__DATA SEGMENT__.

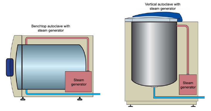 Another (modern) way to produce steam is a steam generator. The steam generator is located separately from the chamber, but usually under the autoclave housing.
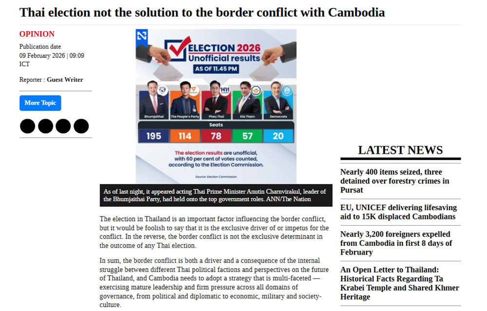 9 กุมภาพันธ์ 2569 สำนักข่าว พนมเปญ โพสต์ สื่อหลักของประเทศกัมพูชา พาดหัวข่าววันนี้ว่า "การเลือกตั้งของไทยไม่ใช่ทางออกของความขัดแย้งชายแดนกับกัมพูชา" พร้อมระบุเนื้อข่าวว่า
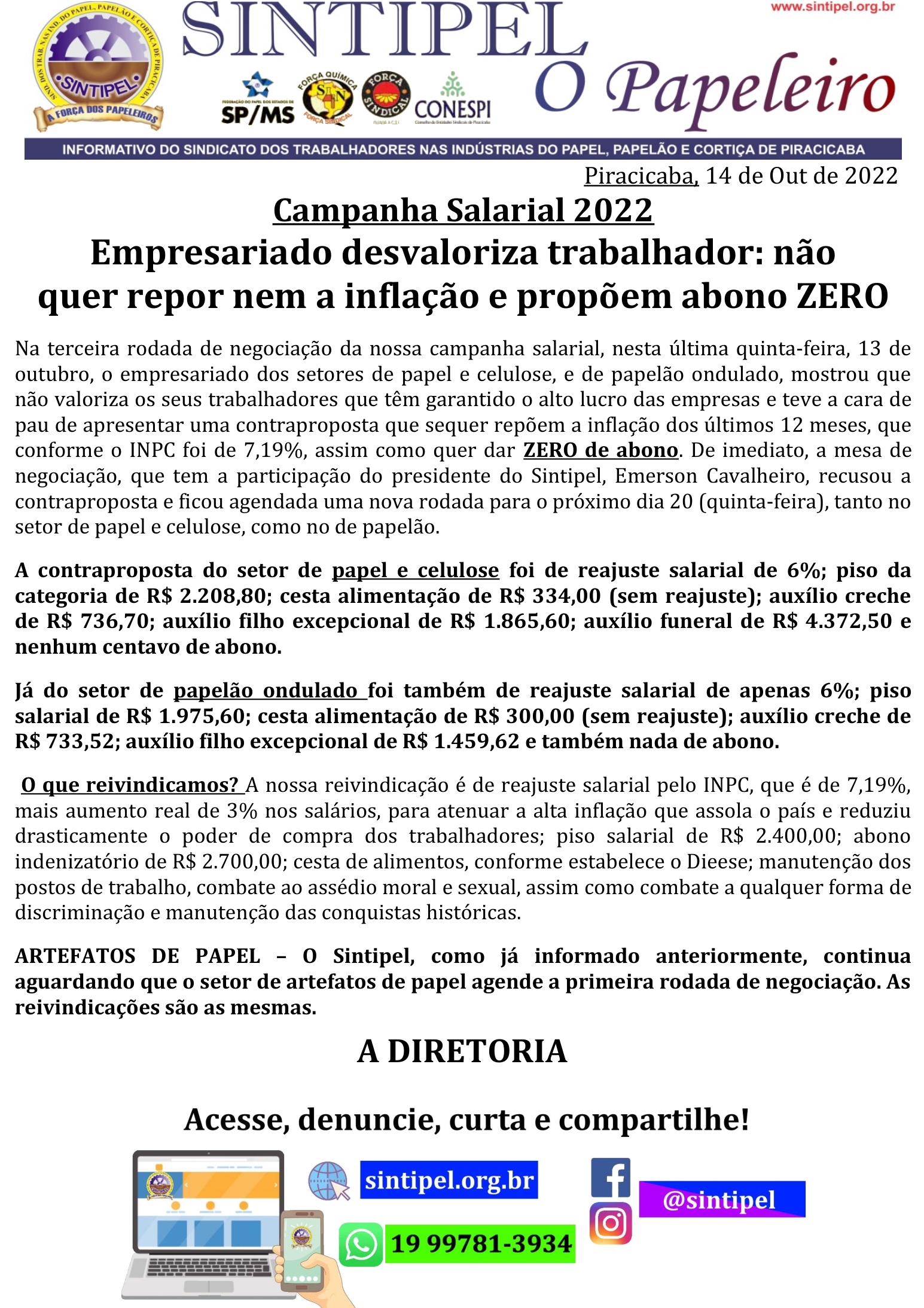Campanha Salarial Alteriores 2021 2020, 2019, 2018, 2017, 2016, 2015

__WHAT THE EXERCISE ASKS__.
Could you copy each line above exactly as written, minus any pictures?

__EXERCISE ANSWER__.
 Another (modern) way to produce steam is a steam generator. The steam generator is located separately from the chamber, but usually under the autoclave housing.
 9 กุมภาพันธ์ 2569 สำนักข่าว พนมเปญ โพสต์ สื่อหลักของประเทศกัมพูชา พาดหัวข่าววันนี้ว่า "การเลือกตั้งของไทยไม่ใช่ทางออกของความขัดแย้งชายแดนกับกัมพูชา" พร้อมระบุเนื้อข่าวว่า
Campanha Salarial Alteriores 2021 2020, 2019, 2018, 2017, 2016, 2015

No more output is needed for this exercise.